Fitch: Bank Liquidity, Credit Ample as Fed Delays Taper
Fitch said that the Federal Reserve’s announcement that it will make no changes in its asset purchase program suggests that U.S. bank liquidity will remain near record levels, as securities held on the Fed’s balance sheet continue to grow. When a tapering of quantitative easing (QE) does eventually begin, Fitch said it expects the impact of reduced bond buying to have little immediate effect on banks’ lending capacity and funding costs.
Five years after the start of QE by the Fed, sustained asset purchases and slow loan growth have created a large deposit cushion for banks that should begin to fall only slowly when monetary stimulus is unwound, Fitch said.

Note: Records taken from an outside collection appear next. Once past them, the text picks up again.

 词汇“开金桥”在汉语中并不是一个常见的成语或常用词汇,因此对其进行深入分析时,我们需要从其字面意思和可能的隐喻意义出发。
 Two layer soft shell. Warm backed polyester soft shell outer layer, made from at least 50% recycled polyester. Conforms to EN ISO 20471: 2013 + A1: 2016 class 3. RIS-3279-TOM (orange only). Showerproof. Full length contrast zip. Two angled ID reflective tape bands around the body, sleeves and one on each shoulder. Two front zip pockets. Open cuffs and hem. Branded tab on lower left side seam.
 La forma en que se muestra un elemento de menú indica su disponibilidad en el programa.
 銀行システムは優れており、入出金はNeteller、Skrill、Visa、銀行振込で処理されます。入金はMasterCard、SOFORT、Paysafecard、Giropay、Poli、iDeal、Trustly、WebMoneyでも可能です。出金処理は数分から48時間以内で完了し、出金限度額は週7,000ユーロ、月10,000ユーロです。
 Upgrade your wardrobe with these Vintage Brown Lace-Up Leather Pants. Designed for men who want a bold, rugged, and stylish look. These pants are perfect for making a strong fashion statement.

Excess deposits (deposits minus loans) in the U.S. banking system remain at an all-time high. September Fed data indicate that they totaled $2.24 trillion (approximately 14% of GDP). Total bank cash holdings were $2.44 trillion. By comparison, the cash balances figure in September 2008 (before the launch of QE) was $388 billion, Fitch noted.

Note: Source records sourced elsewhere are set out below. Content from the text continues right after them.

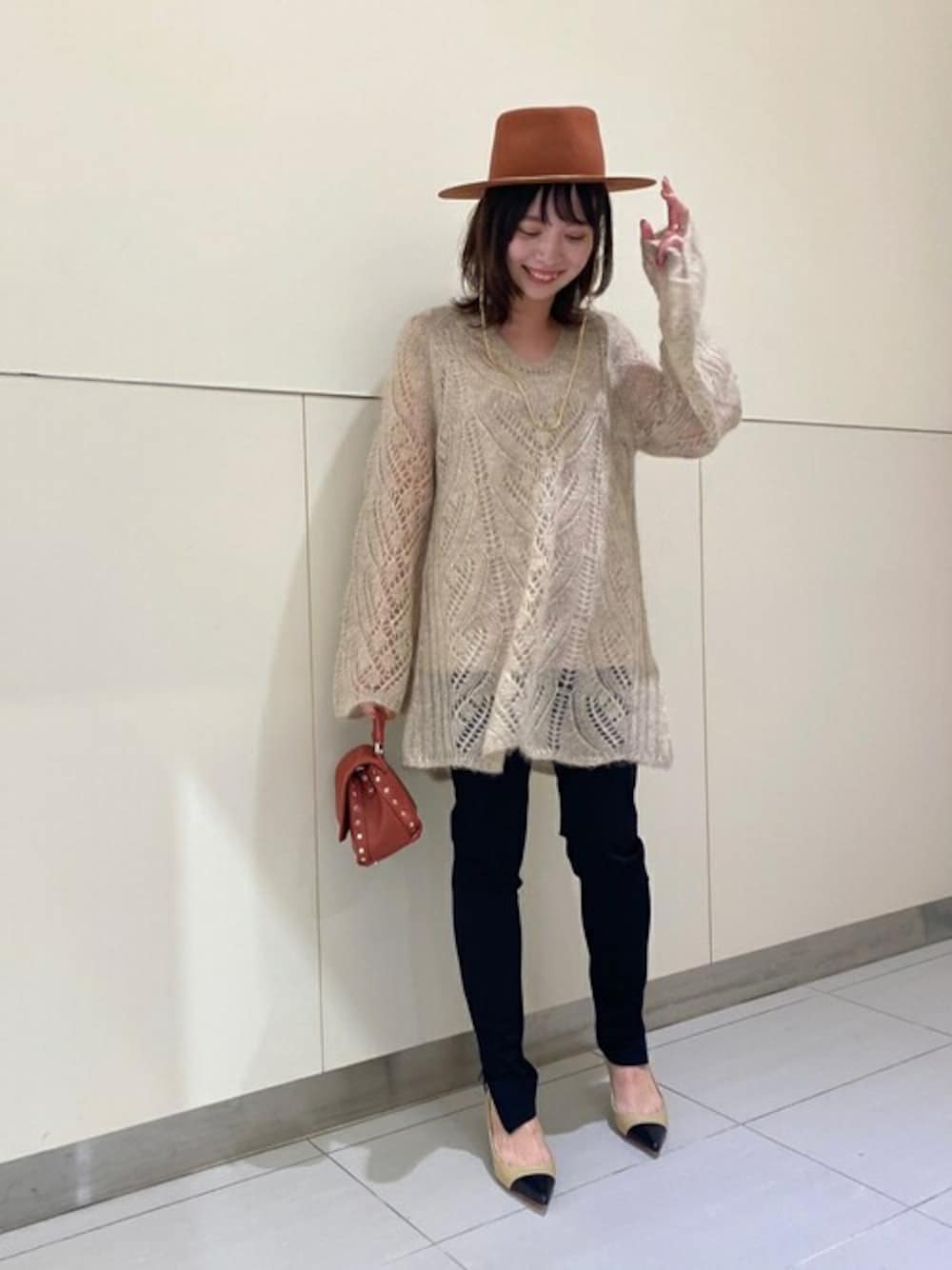 モヘアスカシアミニットモヘアの透かし編みが目を惹く、シアーな表情のニットプルオーバー。スキニーパンツでボトムスをすっきりさせると、ニットのシルエットがより強調されます!足元は華奢なヒールでこなれ感をプラス!
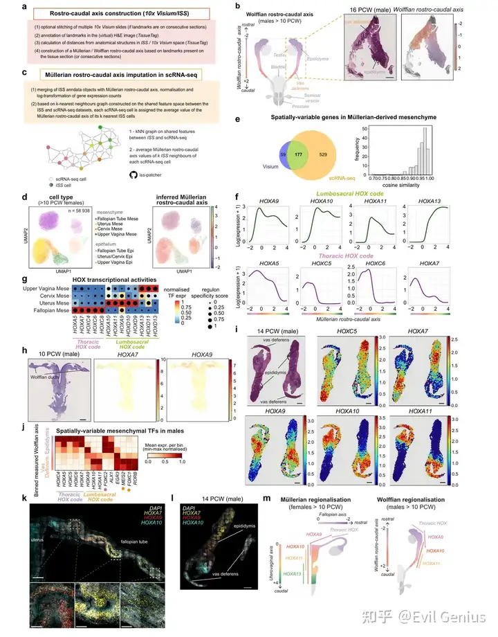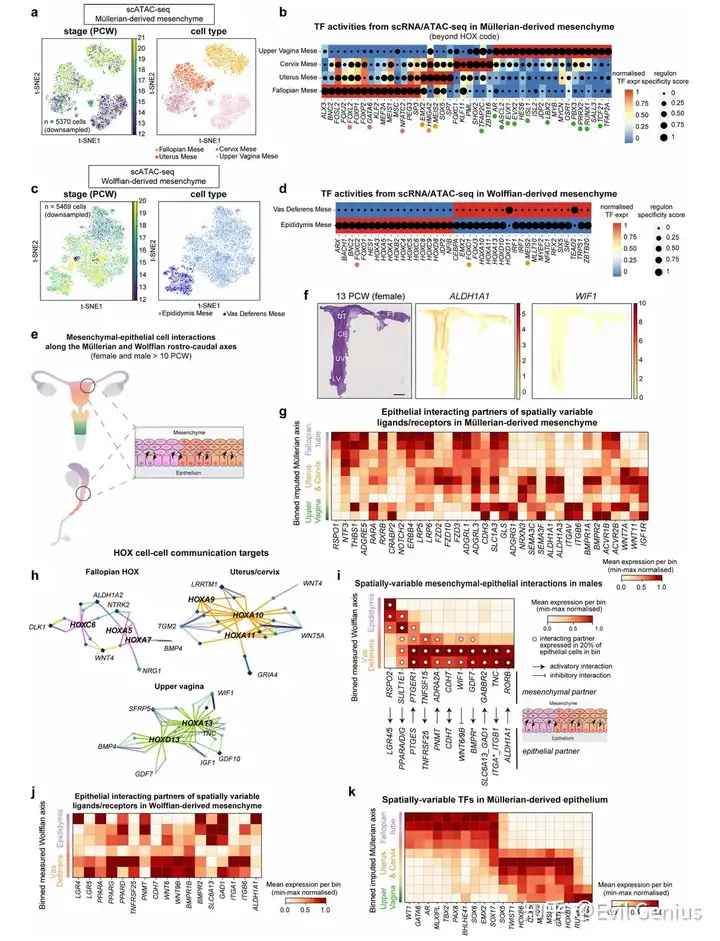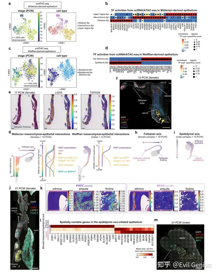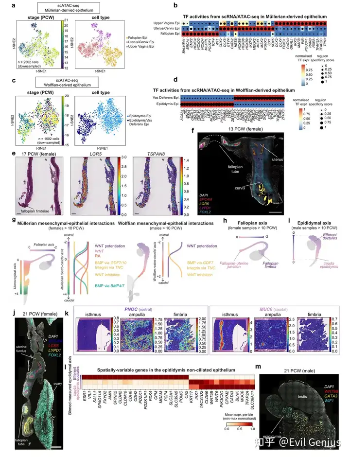 通过整合单细胞测序、空间转录组及表观基因组数据,系统揭示了人类苗勒管与中肾管在胚胎发育过程中的区域分化机制。
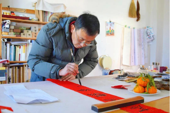 張旭東的童年,是在祖父母的耳提面命中度過的,他跟隨老人習(xí)書繪畫,學(xué)禮明俗。到了弱冠之年,他逐一拜訪古鎮(zhèn)中尚在的民國時(shí)期出生的老輩文人,向他們請(qǐng)教劍川白族傳統(tǒng)民俗,并做了系統(tǒng)梳理,這也為他后來繪制年畫、撰寫春聯(lián)打下扎實(shí)的理論基礎(chǔ)。
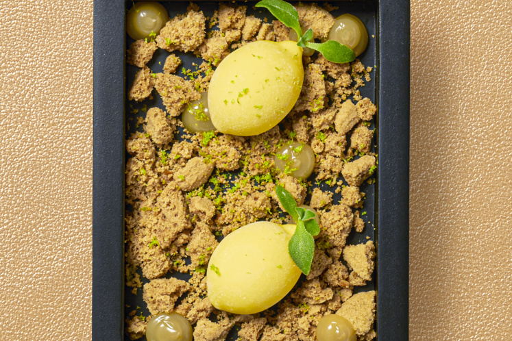 - Breek de citroen koekjes en leg wat stukjes op een bord.

The gradual start of a wind-down in Fed bond purchases will eventually begin a process in which banks’ cash holdings and loan-to-deposit ratios return to historical norms. A steady reduction in the money supply will lead to a manageable run-off in excess deposits, Fitch added.
While lending capacity will not be eroded by future tapering, borrowers are already feeling the effects of higher interest rates brought about by anticipation of the Fed’s asset purchase pull-back. This has been evident since early summer in the mortgage market as refinancing activity has slowed, according to Fitch.
The ratings firm added that as a result of robust liquidity positions and excess deposits, no near-term changes in banks’ funding costs are likely once tapering begins. Deposit pricing will remain inelastic. However, to the extent that tighter monetary policy ultimately drives short-term rates higher, some banks with higher loan-to-deposit ratios could begin to see cost pressures in funding.